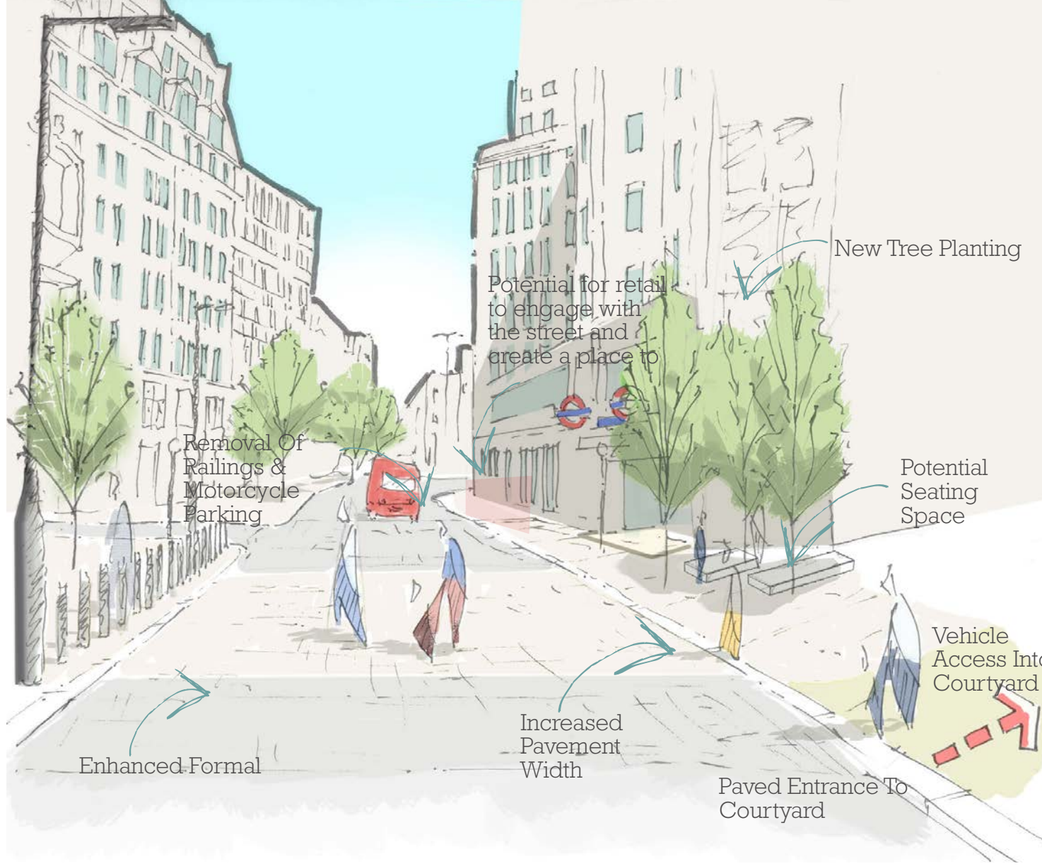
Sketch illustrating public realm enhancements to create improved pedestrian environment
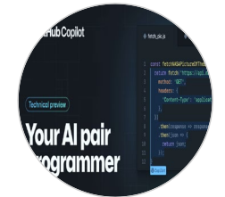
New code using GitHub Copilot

═══

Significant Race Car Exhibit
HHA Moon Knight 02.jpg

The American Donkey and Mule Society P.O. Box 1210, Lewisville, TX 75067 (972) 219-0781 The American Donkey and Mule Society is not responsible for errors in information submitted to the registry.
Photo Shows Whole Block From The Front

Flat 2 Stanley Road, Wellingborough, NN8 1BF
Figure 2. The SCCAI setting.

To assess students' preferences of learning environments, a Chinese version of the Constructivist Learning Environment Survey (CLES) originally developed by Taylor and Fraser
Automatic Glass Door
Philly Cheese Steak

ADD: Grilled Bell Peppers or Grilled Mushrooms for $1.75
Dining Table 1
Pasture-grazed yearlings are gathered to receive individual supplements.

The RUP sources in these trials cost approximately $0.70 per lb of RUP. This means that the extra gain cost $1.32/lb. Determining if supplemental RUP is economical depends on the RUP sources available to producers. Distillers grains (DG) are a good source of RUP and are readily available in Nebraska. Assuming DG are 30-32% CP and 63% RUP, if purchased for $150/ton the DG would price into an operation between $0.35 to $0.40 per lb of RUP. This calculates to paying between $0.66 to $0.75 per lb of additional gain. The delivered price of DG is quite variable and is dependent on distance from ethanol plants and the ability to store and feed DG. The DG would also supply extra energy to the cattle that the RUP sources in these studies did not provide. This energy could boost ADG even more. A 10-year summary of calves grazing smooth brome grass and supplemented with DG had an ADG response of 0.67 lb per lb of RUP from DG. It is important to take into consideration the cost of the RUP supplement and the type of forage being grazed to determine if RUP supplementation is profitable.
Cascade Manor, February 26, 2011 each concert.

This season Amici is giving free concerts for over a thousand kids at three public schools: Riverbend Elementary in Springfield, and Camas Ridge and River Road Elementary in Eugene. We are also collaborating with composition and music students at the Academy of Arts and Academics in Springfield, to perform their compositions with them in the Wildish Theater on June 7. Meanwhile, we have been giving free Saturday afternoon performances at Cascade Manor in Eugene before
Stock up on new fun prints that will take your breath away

═══

YOUR OBJECTIVE: Considering only the material above, set down every line from the one with "Philly Cheese Steak" to the one with "Pasture-grazed yearlings are", inclusive, exactly as written.

REPLY:
Philly Cheese Steak

ADD: Grilled Bell Peppers or Grilled Mushrooms for $1.75
Dining Table 1
Pasture-grazed yearlings are gathered to receive individual supplements.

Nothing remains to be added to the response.